ROANOKE TIMES

                         Roanoke Times
                 Copyright (c) 1995, Landmark Communications, Inc.

DATE: SUNDAY, August 6, 1995                   TAG: 9508080003
SECTION: EDITORIAL                    PAGE: D-3   EDITION: METRO 
SOURCE: MAHER HATHOUT
DATELINE:                                 LENGTH: Medium


AN INDIFFERENT WORLD

IN A PLURALISTIC society, a major guarantee of harmony is the understanding of the different components of the pluralism - the understanding of one another. The sharing and appreciation of one another's pain, frustrations and aspirations will contribute to breaking the walls of psychological ghettos. It is morally right and pragmatically important that all the groups in our society reveal their collective suffering.

And so we American Muslims want everyone to know how we feel today - the extent of our agony, the darkness of our anger, the depth of our sadness. We feel what is happening in Bosnia as if it were happening to us.

I will not mince the words and claim we are upset because of the failure of law and order in the world, or the crushing of a promising democratic pluralism in Bosnia, or the disintegration of the United Nations. Neither are we solemnly heartbroken because of the disillusion in American ideals or the loss of the leadership of our country to the Free World.

We hurt because we see Muslims being killed because they are Muslims, women raped because they are Muslim women, children maimed because their parents carry Muslim names. We hurt because we see the genocide widely publicized, almost celebrated for the scope of its savagery, and yet nobody cares. In our perception, whether it's right or wrong, if the victims were other than Muslim, the situation would be different.

We hurt because the major powers in the world have not only refrained from helping the victims, but have also imposed an arms embargo that is preventing the victims from helping themselves. We hurt because, with unbelievable insensitivity, our country's leaders say that all this suffering is not worthy of the sacrifice of a single American life because the lives of Muslims are not worthy and their blood is cheaper.

We hurt because we see civilized people pricking consciences over the fate of animals while Bosnian Muslims are not exotic enough to be preserved. We hurt because we saw our country lining up the United Nations solid and straight to secure the flow of oil from the Persian Gulf, but not to stop the flowing blood of Bosnian Muslims.

We are hurt to hear the obscenity of claims that lifting the arms embargo will increase the bloodshed, which does not mean the quantity of blood, but rather sharing the pool of blood lost with the aggressors.

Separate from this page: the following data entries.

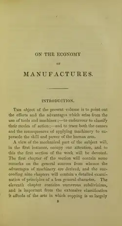 Babbage zajmował się m.in. organizacją pracy w fabrykach. Można mówić o dwóch zasadniczych projektach, nad którymi pracował i których idee w późniejszym okresie miały wpływ na informatykę. Był przekonany, że zastosowanie nauk ścisłych do procesów pracy jednocześnie zwiększyłoby ich wydajność i obniżyło koszty. Uważał, że każda operacja przemysłowa powinna być analizowana dla wyodrębnienia różnych zaangażowanych w niej umiejętności. Następnie należałoby wyszkolić robotnika w określonej czynności i powierzyć mu odpowiedzialność tylko za tę czynność całej operacji, ale nie za całość zadania. W ten sposób można by ograniczyć kosztowne szkolenie, a ciągłe powtarzanie czynności zwiększałoby wprawę i wydajność robotników.
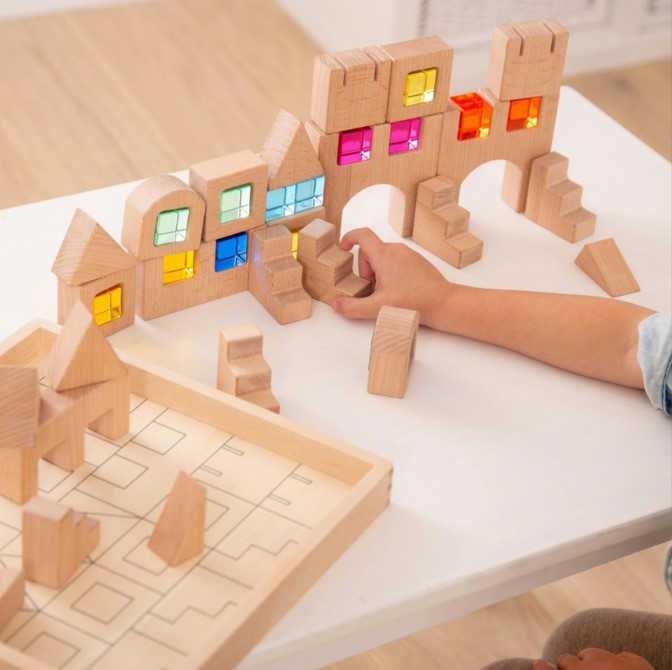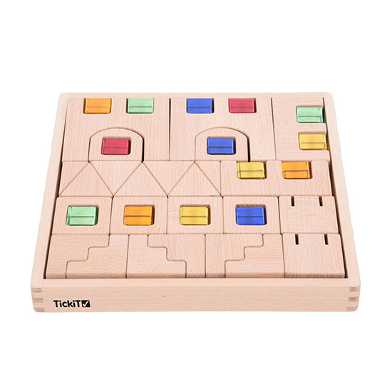 Os blocos de madeira natural suave, com inserções de cubos de gemas de cristal, proporcionam explosões de cor cativantes, despertando a curiosidade da sua criança.
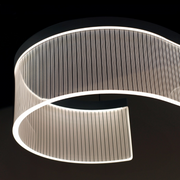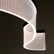 Composed of gently curving aluminum channels in Matte Black that support a patterned translucent acrylic arranged in groups of vertical stripes, this series of pendants and coordinating ADA sconce express a musical quality in brilliant LED light.
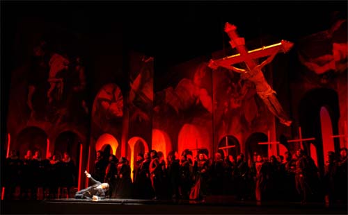 Au pupitre d'un orchestre surexcité qui lui obéit au doigt et à l'œil, James Conlon, absorbé, vautré dans cet immense chef-d'œuvre, capture l'essence pleine de ce Don Carlo avec punch et poésie. Un somptueux plateau, fortement homogène et convaincant (parce que convaincu), une imposante production (traditionnelle mais suffisamment solide) dament le pion à la Traviata de la veille au soir.. C'est ce Don Carlo, superbement abouti, qu'il fallait filmer !…
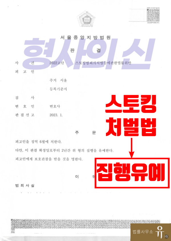 법률사무소 유(唯)의 형사전문변호사는 의뢰인과의 신속한 상담을 통해 사건의 내용 등을 정확히 파악한 후 기존의 잠정조치 위반 행위에도 불구하고 스토킹 행위에 대한 고의나 악의가 아닌 단순히 법에 무지함으로 인한 행위였다는 점과 그럼에도 그간 잘못에 대해 깊고 진지한 반성과 다짐을 하고 있으며, 나아가 피해자와 원만히 합의한 사실 등을 강조한 변호인의견서를 양형자료와 함께 제출하는 한편, 의뢰인의 가족들을 통한 탄원서를 또한 준비하여 법원에 선처를 구하였습니다.
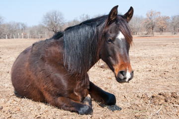Dark bay horse in his winter coat taking a midday nap in pasture
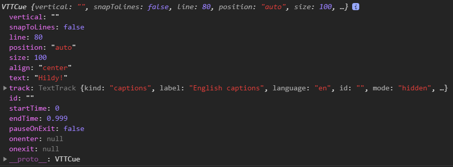 const cue = track.activeCues[0] // cue 代表一条字幕

We are angered to see people barbecued in the ``safe haven'' zones and then to hear the suffering in Bosnia transformed into a debate on how to save the peacekeeping forces. Yes, we are agonizing for our brothers and sisters for whom there is no one left to mourn.

We harbor the kind of anger that is not amenable to erasure by time, an anger shared by one-fifth of the inhabitants of the globe; only fools can ignore its impact.

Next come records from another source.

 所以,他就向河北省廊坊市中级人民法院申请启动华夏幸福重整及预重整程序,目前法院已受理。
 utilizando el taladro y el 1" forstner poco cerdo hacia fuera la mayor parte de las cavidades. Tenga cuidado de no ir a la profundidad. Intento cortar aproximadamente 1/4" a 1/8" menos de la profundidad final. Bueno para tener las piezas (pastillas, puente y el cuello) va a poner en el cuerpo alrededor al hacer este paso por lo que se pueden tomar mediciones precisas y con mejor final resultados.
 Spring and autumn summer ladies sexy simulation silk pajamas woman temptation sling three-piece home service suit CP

It is maddening to American Jews to have someone deny the Holocaust, because they know how the world denied the pain when it was inflicted. To American Muslims, it is even worse because the atrocity in Bosnia is not denied; it is shown. Nobody will be able to claim, as most did after the Holocaust, that we did not know, or that we only discovered the horror after the fall of Hitler and the liberation of Auschwitz. Here we all know, we see the genocide in our family rooms, then push the button to see who is testifying in the Simpson trial.

Yes, we Muslims are angry, madly so. It would be dishonest to keep it to ourselves or to create an emotional ghetto. We owe it to our fellow citizens, that they should hear it in its crude truth. We will be stuck together with this anger for a long time. I know that I will never forget, and I wonder whether I can ever forgive.

Maher Hathout, a frequent spokesman on Muslim affairs, is president of the InterReligious Council of Los Angeles.